The mass loss curves as a function of time (Figure 1a,b) shift to the left (lower times) by increasing the heating rate and, as was expected, the opposite behavior is observed in the mass loss curves as a function of temperature (Figure 1c,d), that shift slightly to the right (higher temperatures). Although this displacement is not very large, it is noticeable, especially under air atmosphere. This type of behavior has been previously observed in other biomass kinetic studies and has been mathematically interpreted using kinetic equations [24,25,26]. Thus, it has been shown that only considering the kinetics of the process, without taking into account possible changes in mechanisms or poor heat transfer, the position of the maximum peak of DTG can be expressed as a function of the heating rate [27,28], so that with a higher heating rate, the maximum peak is located at a higher temperature. Physically, it can be visualized by considering that at low heating rates the sample remains for longer times at each temperature interval, and consequently it has more chances for reacting; the peaks thus appear at lower temperatures as compared with higher heating rates. Furthermore, the magnitude of this displacement depends on the kinetic parameters of the process: the higher the activation energy and the lower the pre-exponential factor, the greater the displacement magnitude [29].

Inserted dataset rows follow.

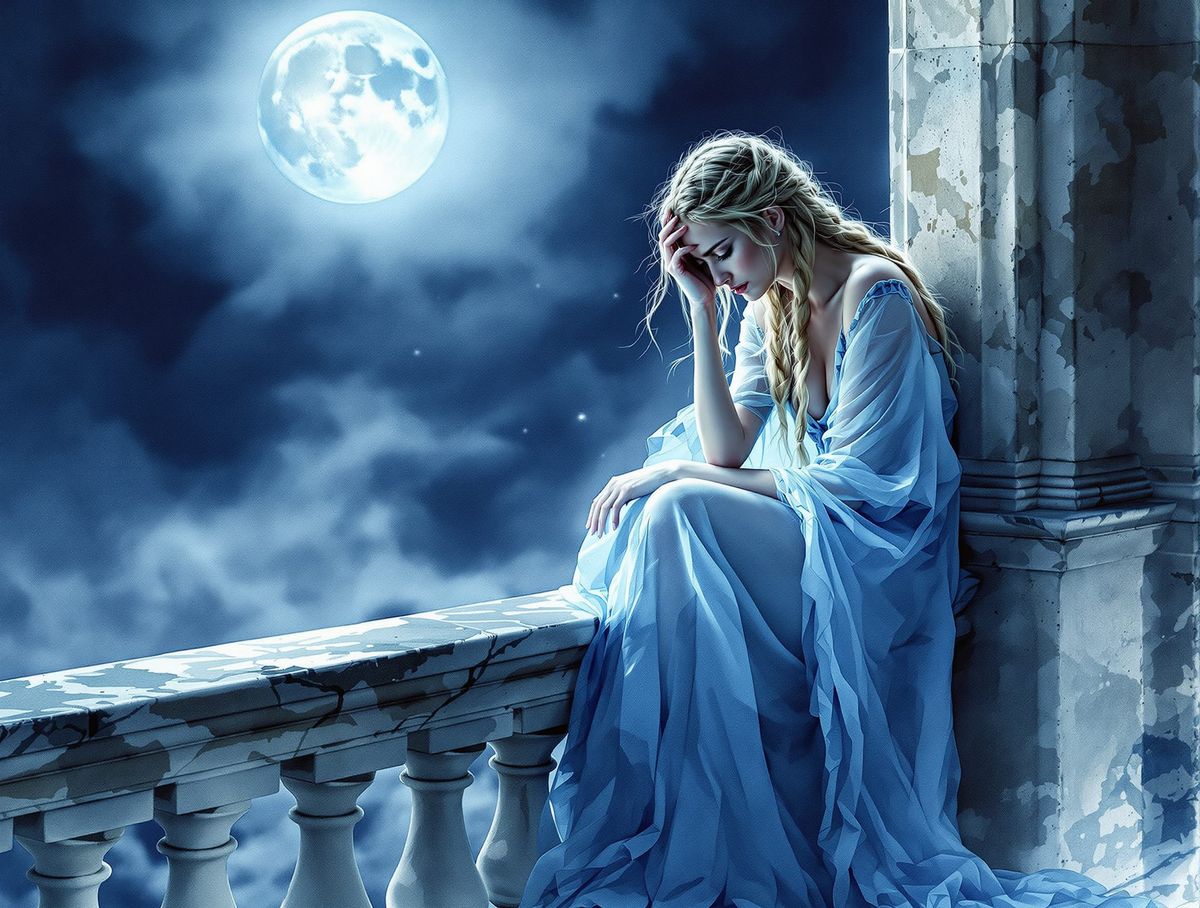 This image shows a beautiful Norse goddess with braided blonde hair, seated sadly on a marble railing, dressed in a light blue gown. The scene is set on an old balcony, bathed in moonlight and surrounded by mist, with ink splatter and watercolor effects.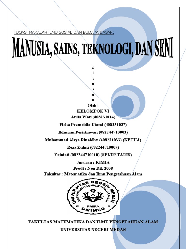 Manusia sains teknologi dan seni selama perjalanan sejarah umat manusia sudah berhasil menciptakan berbagai ragam kebudayaan. Teknologi berkembang di mulai sejak dulu kala sampai sekarang seiring dengan kemajuan peradaban manusia pada awalnya teknologi hanya bersifat kebendaan dan berhubungan dengan tugas eksploitasi dan pengolahan sumber daya alam berupa materi dan energi seperti kapak tombak panah dan peralatan lain sedang cara cara pembuatan rumah perahu alat alat rumah tangga makanan minuman obat obatan dan lain. Tugaskuliah15 makalah isbd manusia sains teknologi dan seni kali ini saya akan share makalah isbd manusia sains teknologi dan seni hal pertama yang akan dibahas dalam makalah ini ialah mengenai makna dari manusia sains teknologi dan seni dalam kehidupan. Hubungan manusia dengan sains dan teknologi merupakan hal yang biasa karena manusia tidak akan lelah akan keinginannya serta sains merupakan sumber ilmu yang tidak ada habisnya dan teknologi merupakan ciptaan karya dari manusia tersebut.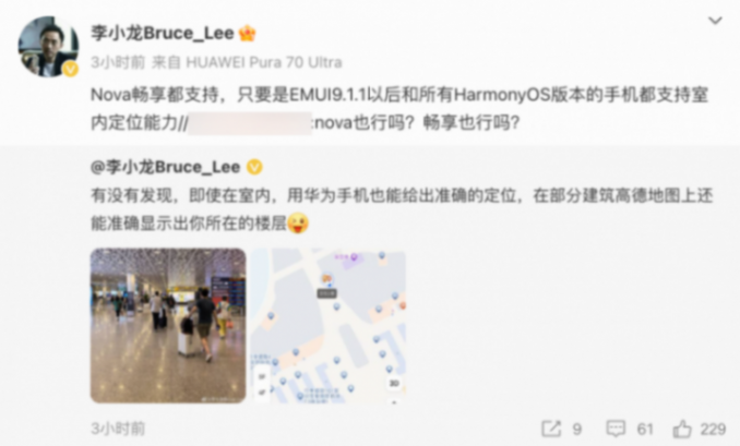 此外,華為終端BG CTO李小龍今天介紹了華為手機的室內定位功能。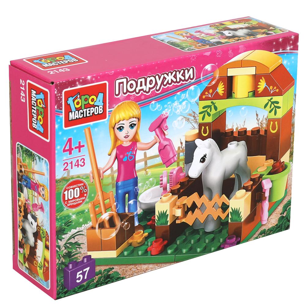 Город мастеров. Конструктор арт.2143-R "Конюшня" с фигуркой и аксесс. 57 дет.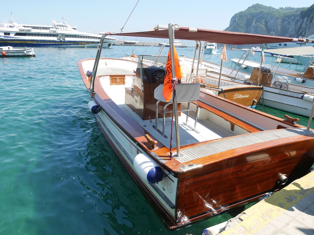 高速船でカプリ島到着後、10名程度乗れるフェリーで青の洞窟付近まで向かう。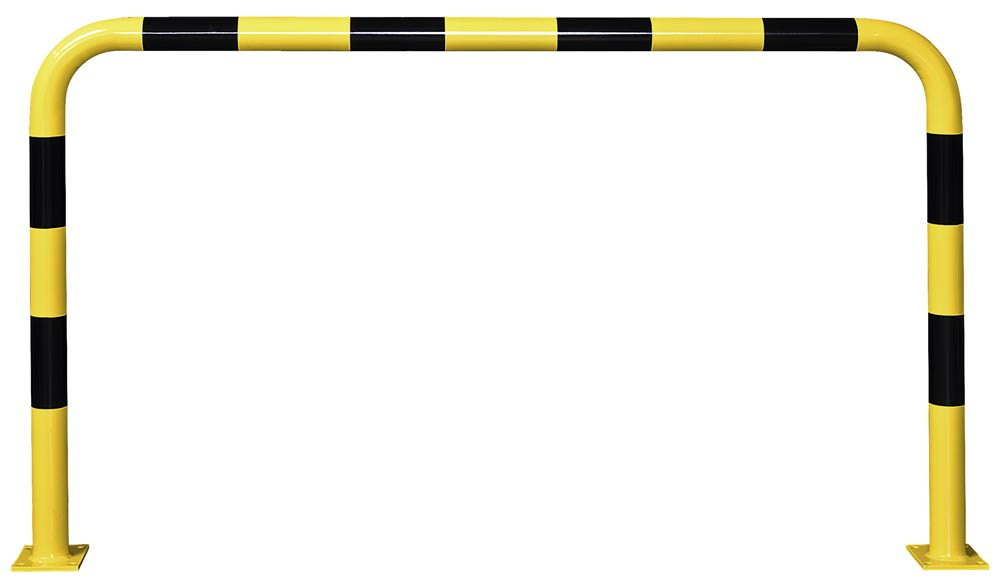 Rammschutz-Bügel für den Inneneinsatz, grundiert und gelb kunststoffbeschichtet, mit schwarzen Signalstreifen, BxH 2000x1200 mm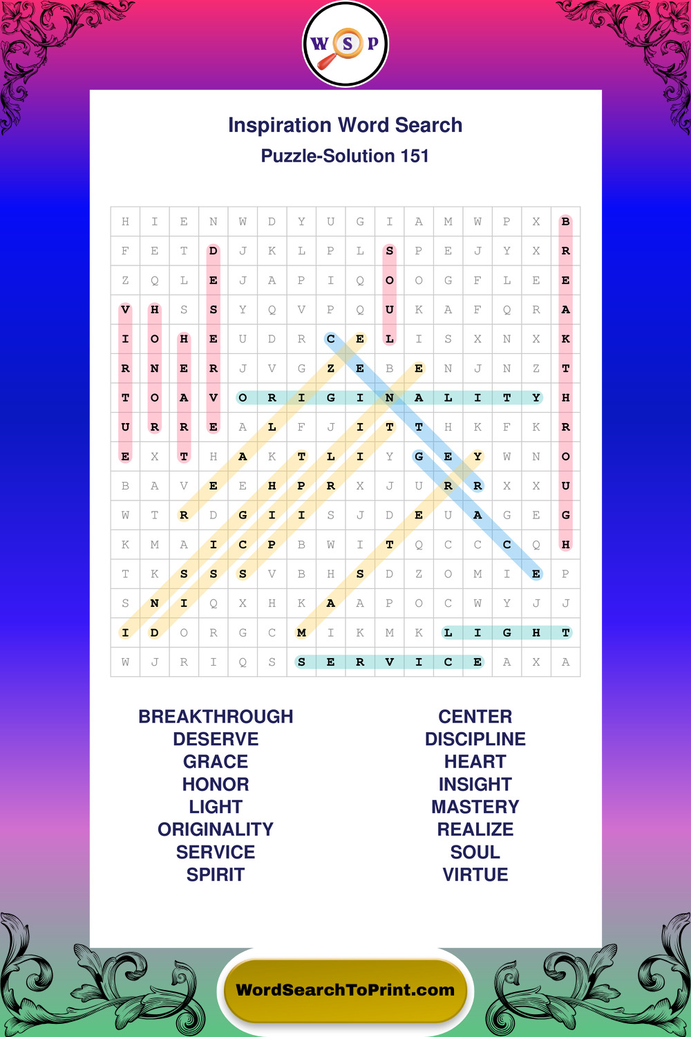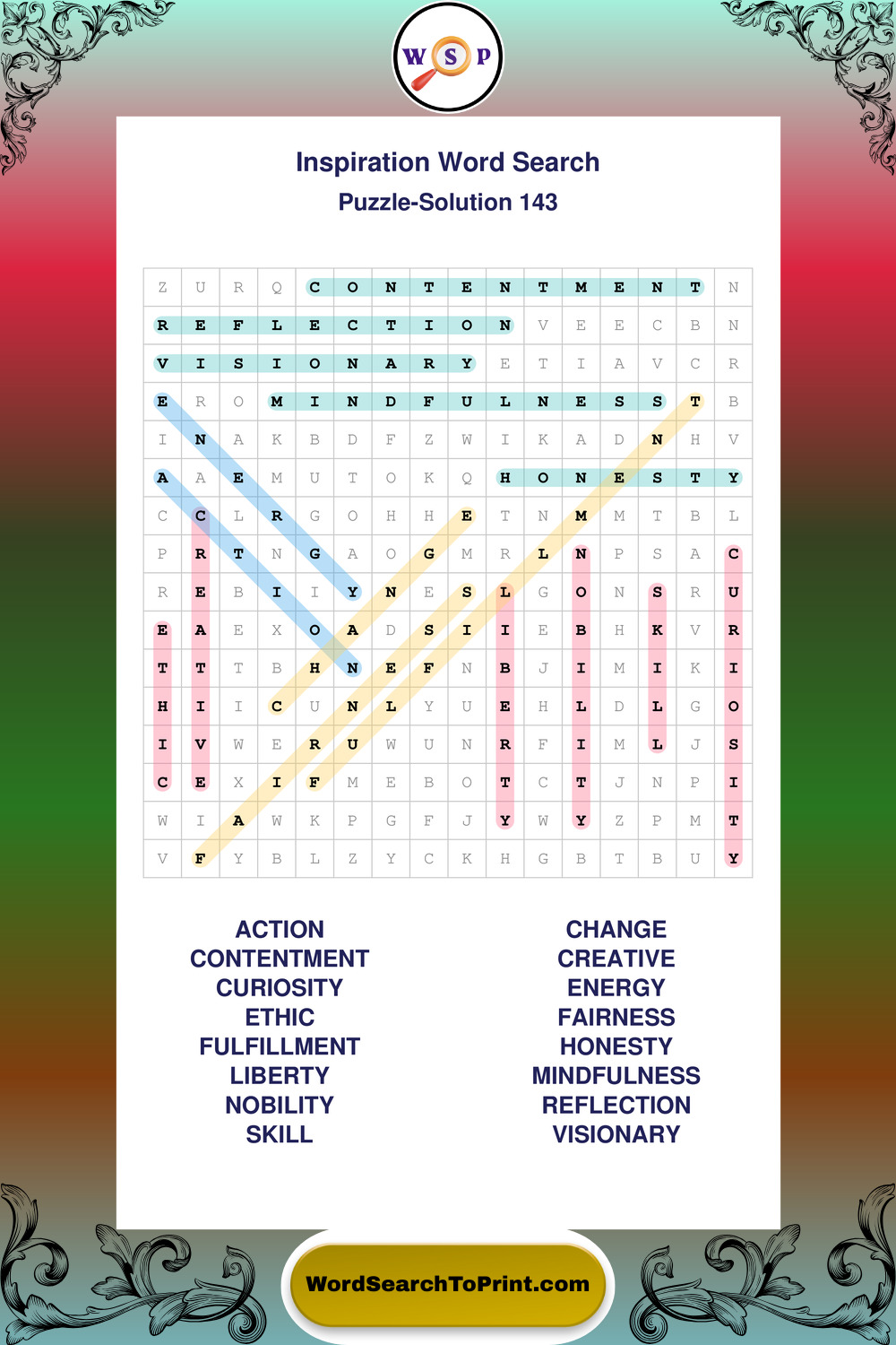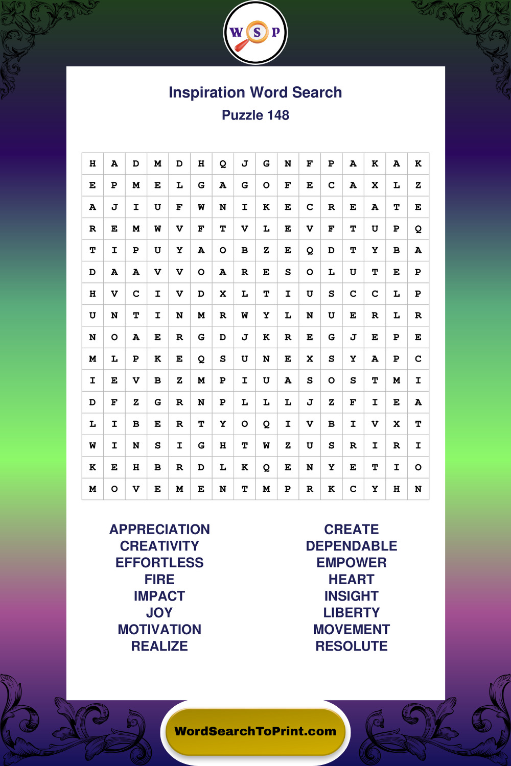 Printable Inspiration Wordsearch Puzzles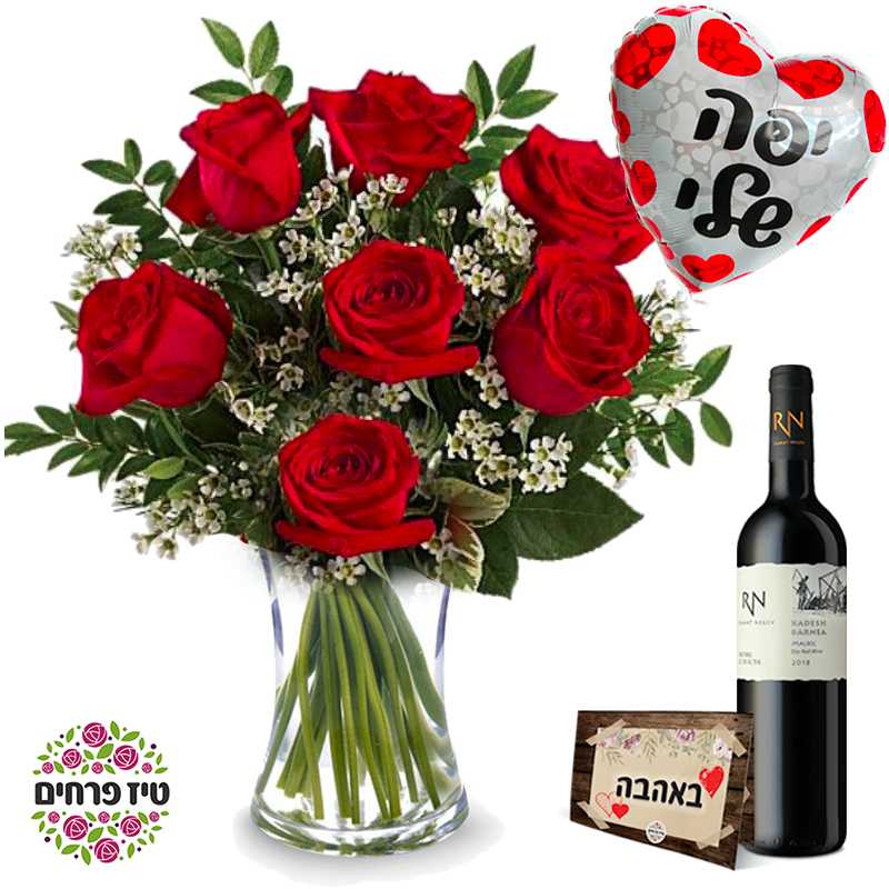 זר ורדים קלאסי ועוצמתי השזור מ-7 ורדים (ראש גדול), גיבסנית וירק ב149ש”ח.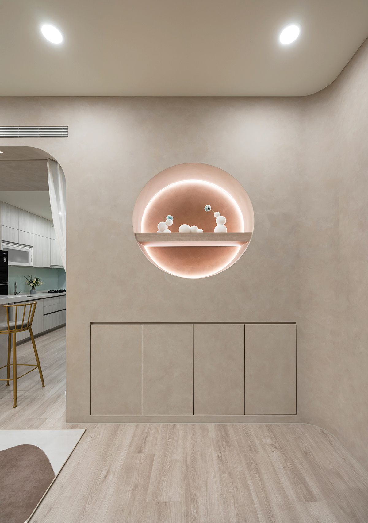 ▲ 柔和燈光、弧面造型設計,低調獨特的居家質感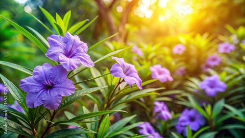 Tropical foliage with Ruellia tuberosa flower and green leaves in a sunny garden, flowers, green, flowers, green, plant

The differences between the curves obtained in an inert atmosphere (Figure 1e) and an oxidizing atmosphere (Figure 1f) are seen around 400 °C, where the oxidation and combustion reactions of the biomass begin, giving rise to a greater weight loss. In the case of the oxidizing atmosphere, two decomposition zones are clearly distinguished, one more centred around 280 °C (more related to pyrolysis) and the other around 450 °C (more related to combustion). A sharp peak around 480 °C is also observed, influenced by the heating rate (it does not appear at 5 °C min⁻¹) and which has already been observed in the decomposition of other biomasses in an oxidizing atmosphere. This peak would correspond to the reaction of the fraction of the carbonaceous residue that is being formed in the decomposition process and that is more accessible to oxygen (for example char arranged in cracks, as superficial sheets or as fine particles) and that reacts very quickly, while the rest of the residue reacts more gradually. A fourth reaction (appreciable above 600 °C) can be related to the decomposition and reaction of the inorganic fraction of the biomass. As expected, different values of the final weight were obtained in each reaction atmosphere, since in an oxidizing atmosphere the combustion of fixed carbon occurs, leaving only the ashes as residue.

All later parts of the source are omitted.